#### [Records to use]
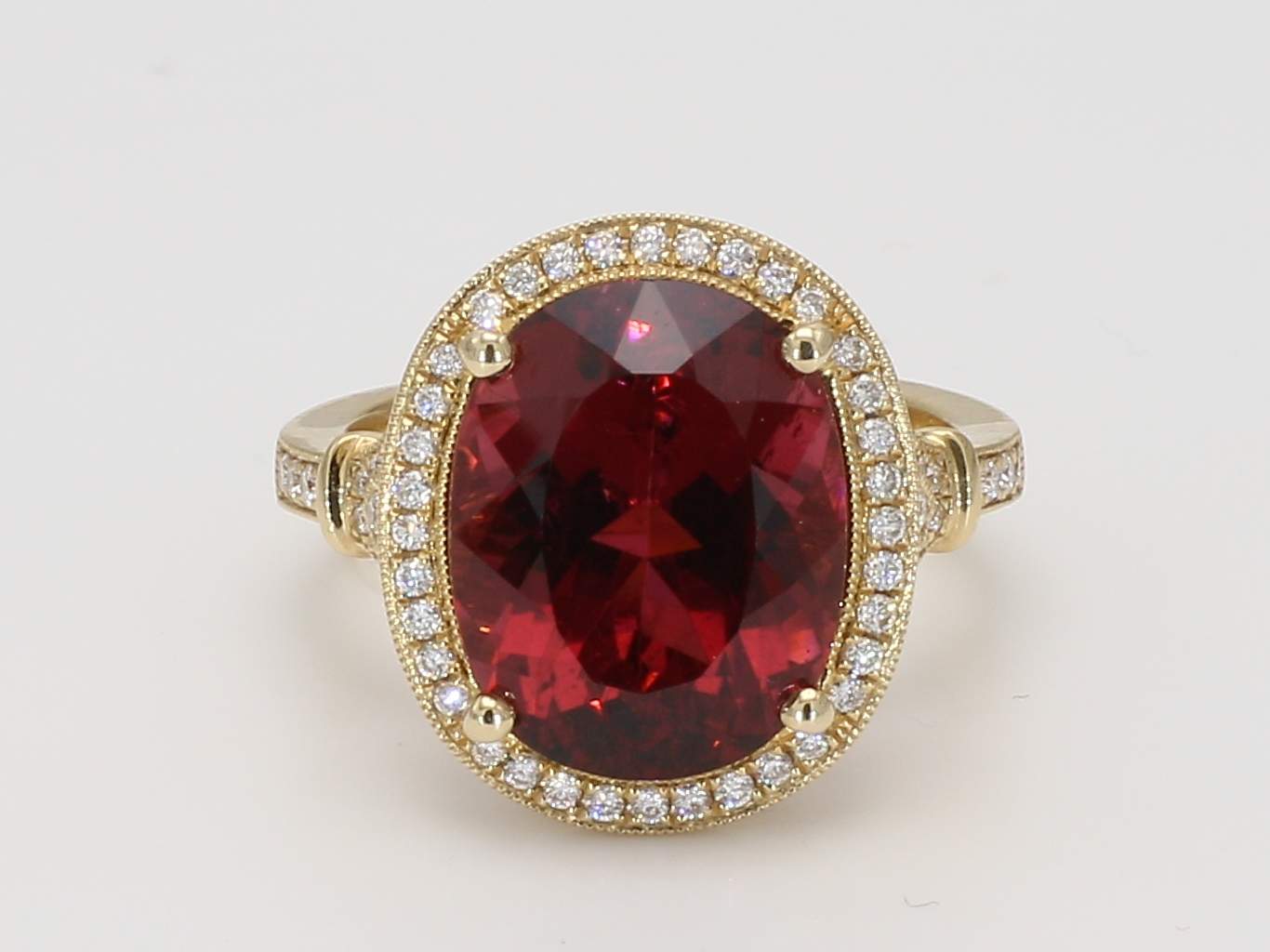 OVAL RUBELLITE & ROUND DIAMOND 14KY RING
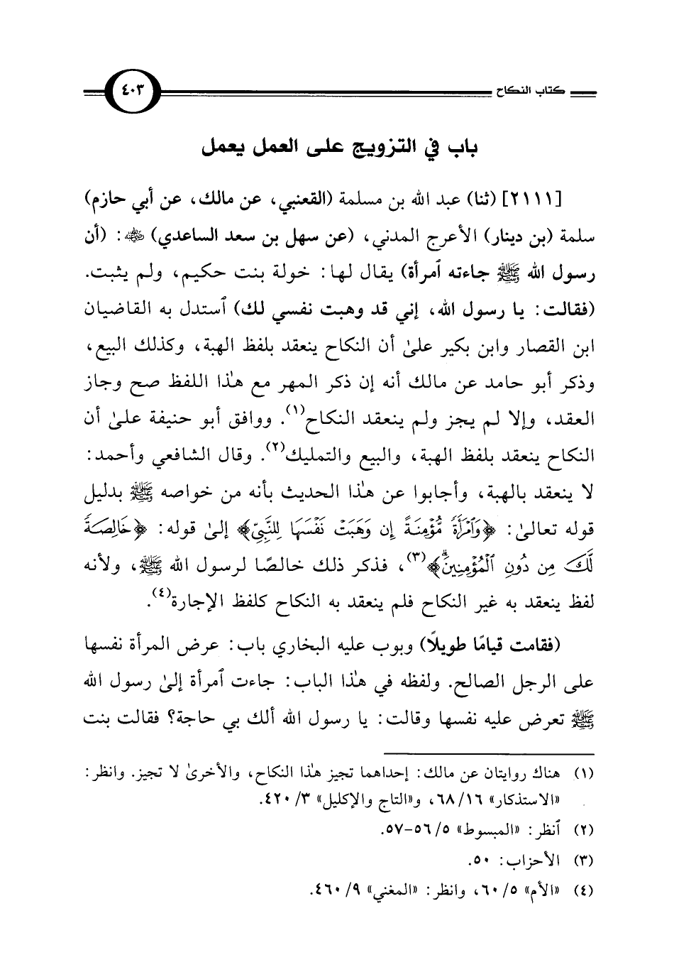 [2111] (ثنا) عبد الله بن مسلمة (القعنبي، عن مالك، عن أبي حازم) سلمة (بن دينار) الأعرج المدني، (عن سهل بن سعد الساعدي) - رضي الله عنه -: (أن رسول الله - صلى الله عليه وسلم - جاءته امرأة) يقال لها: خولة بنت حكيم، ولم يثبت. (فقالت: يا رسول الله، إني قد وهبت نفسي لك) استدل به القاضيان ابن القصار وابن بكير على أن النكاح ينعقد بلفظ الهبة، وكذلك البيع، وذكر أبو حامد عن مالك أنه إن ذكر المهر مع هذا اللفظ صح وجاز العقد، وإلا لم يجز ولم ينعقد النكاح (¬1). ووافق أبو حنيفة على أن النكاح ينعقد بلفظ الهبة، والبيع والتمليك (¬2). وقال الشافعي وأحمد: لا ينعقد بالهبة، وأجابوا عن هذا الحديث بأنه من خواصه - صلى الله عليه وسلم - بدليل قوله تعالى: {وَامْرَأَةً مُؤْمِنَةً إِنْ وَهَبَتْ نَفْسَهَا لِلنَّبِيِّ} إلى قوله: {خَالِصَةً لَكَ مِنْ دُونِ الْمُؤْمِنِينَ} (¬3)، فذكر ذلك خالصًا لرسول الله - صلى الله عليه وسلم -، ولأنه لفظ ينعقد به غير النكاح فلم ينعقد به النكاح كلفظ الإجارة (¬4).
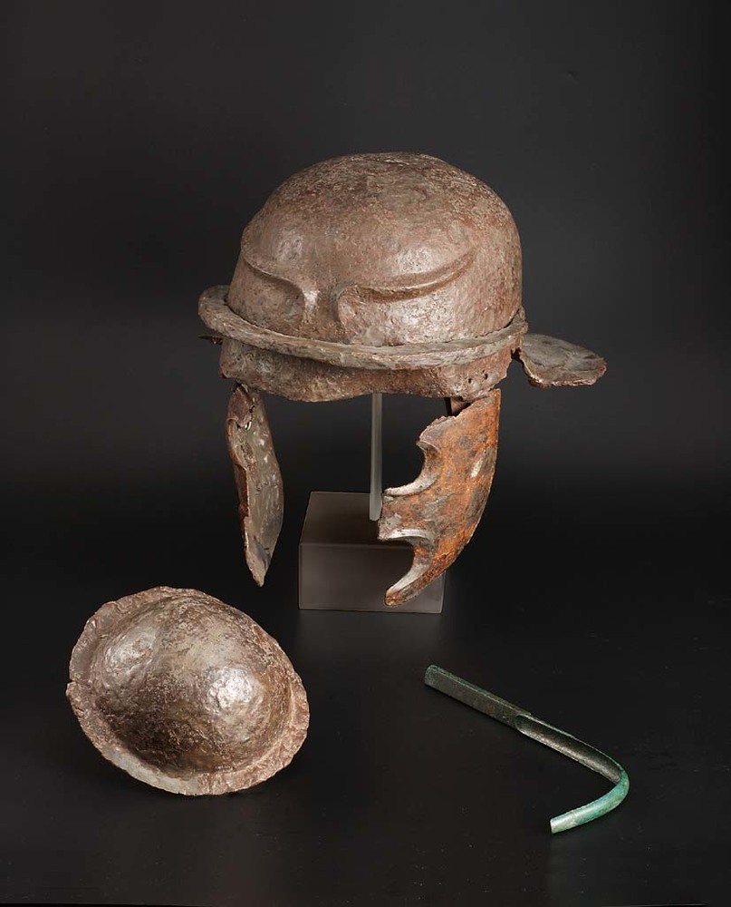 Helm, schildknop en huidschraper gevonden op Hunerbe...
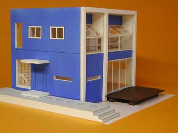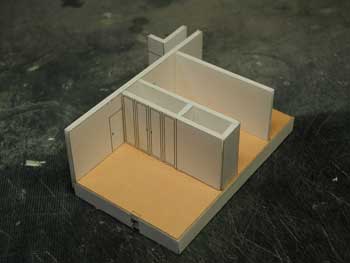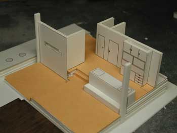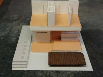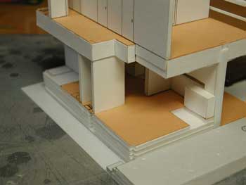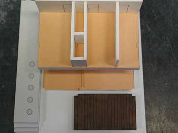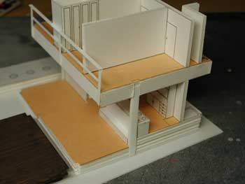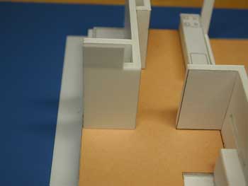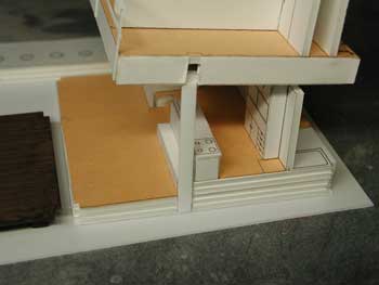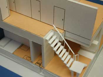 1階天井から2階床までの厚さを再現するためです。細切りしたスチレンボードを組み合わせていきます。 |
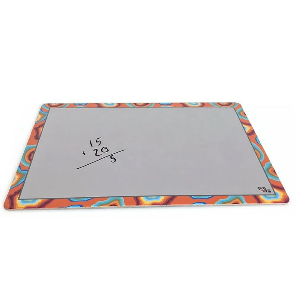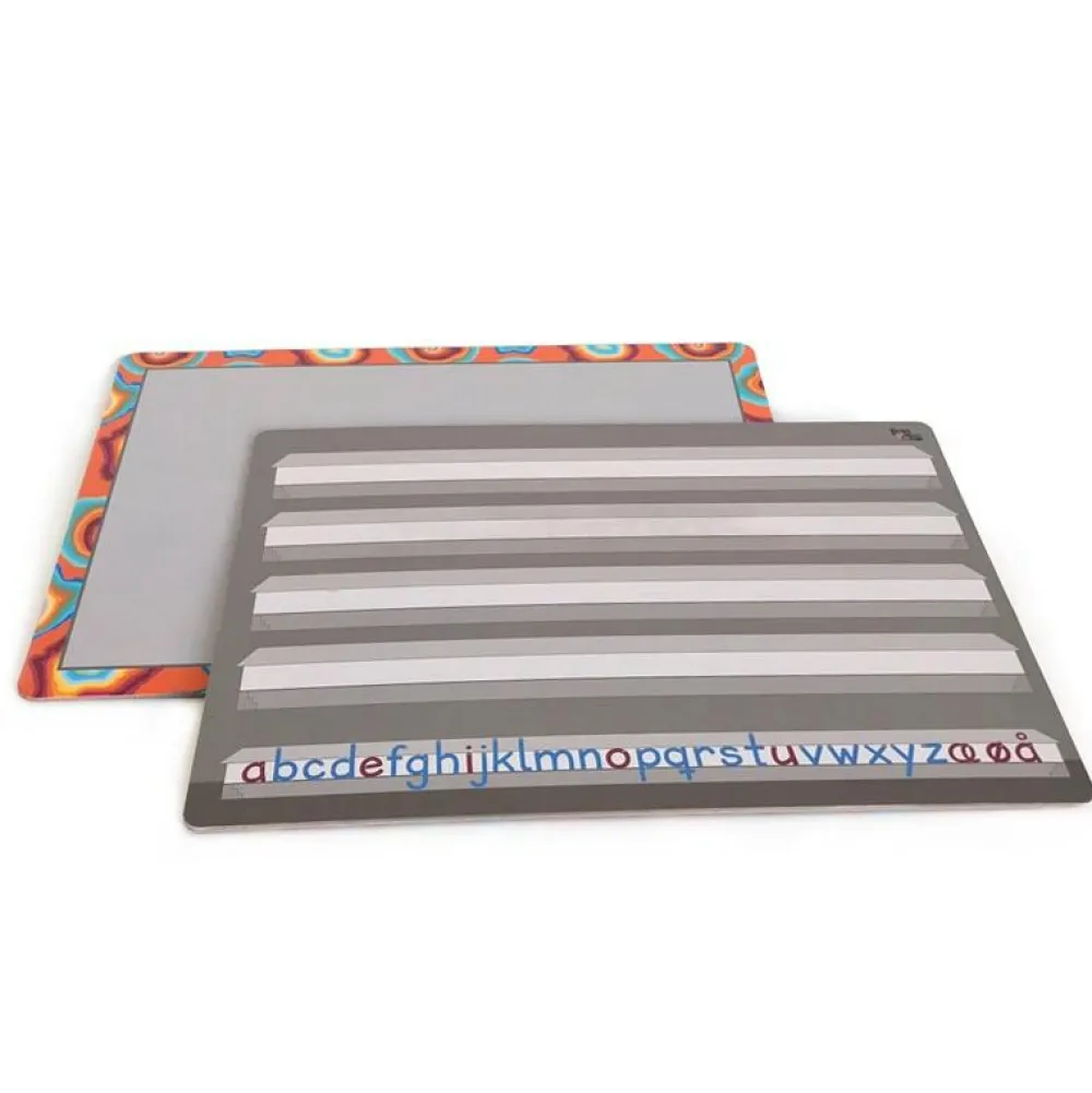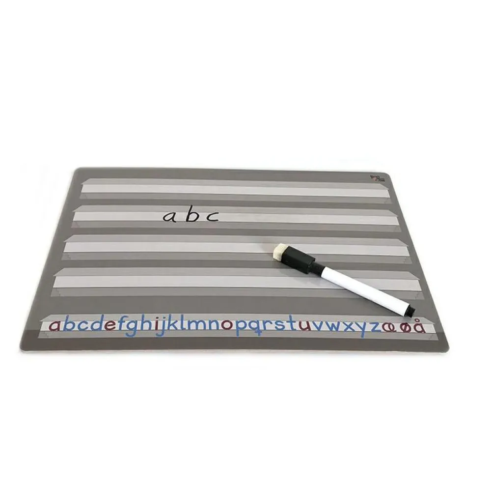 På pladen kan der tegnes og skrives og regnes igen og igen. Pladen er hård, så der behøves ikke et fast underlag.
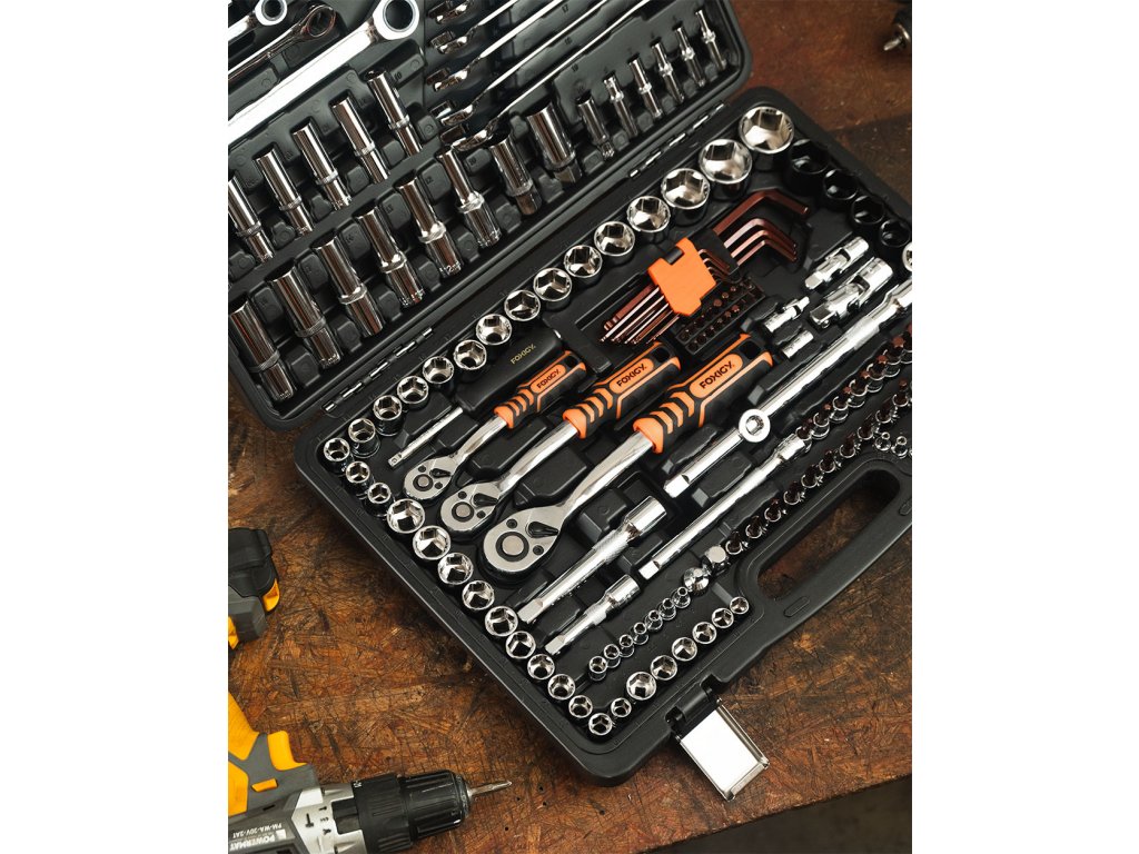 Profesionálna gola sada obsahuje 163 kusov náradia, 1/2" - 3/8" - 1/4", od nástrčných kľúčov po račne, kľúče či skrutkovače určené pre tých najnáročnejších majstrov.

#### [Activity]
Leave out the images and copy every record above exactly.

#### [Answer area]
 OVAL RUBELLITE & ROUND DIAMOND 14KY RING
 [2111] (ثنا) عبد الله بن مسلمة (القعنبي، عن مالك، عن أبي حازم) سلمة (بن دينار) الأعرج المدني، (عن سهل بن سعد الساعدي) - رضي الله عنه -: (أن رسول الله - صلى الله عليه وسلم - جاءته امرأة) يقال لها: خولة بنت حكيم، ولم يثبت. (فقالت: يا رسول الله، إني قد وهبت نفسي لك) استدل به القاضيان ابن القصار وابن بكير على أن النكاح ينعقد بلفظ الهبة، وكذلك البيع، وذكر أبو حامد عن مالك أنه إن ذكر المهر مع هذا اللفظ صح وجاز العقد، وإلا لم يجز ولم ينعقد النكاح (¬1). ووافق أبو حنيفة على أن النكاح ينعقد بلفظ الهبة، والبيع والتمليك (¬2). وقال الشافعي وأحمد: لا ينعقد بالهبة، وأجابوا عن هذا الحديث بأنه من خواصه - صلى الله عليه وسلم - بدليل قوله تعالى: {وَامْرَأَةً مُؤْمِنَةً إِنْ وَهَبَتْ نَفْسَهَا لِلنَّبِيِّ} إلى قوله: {خَالِصَةً لَكَ مِنْ دُونِ الْمُؤْمِنِينَ} (¬3)، فذكر ذلك خالصًا لرسول الله - صلى الله عليه وسلم -، ولأنه لفظ ينعقد به غير النكاح فلم ينعقد به النكاح كلفظ الإجارة (¬4).
 Helm, schildknop en huidschraper gevonden op Hunerbe...
 1階天井から2階床までの厚さを再現するためです。細切りしたスチレンボードを組み合わせていきます。 |
 På pladen kan der tegnes og skrives og regnes igen og igen. Pladen er hård, så der behøves ikke et fast underlag.
 Profesionálna gola sada obsahuje 163 kusov náradia, 1/2" - 3/8" - 1/4", od nástrčných kľúčov po račne, kľúče či skrutkovače určené pre tých najnáročnejších majstrov.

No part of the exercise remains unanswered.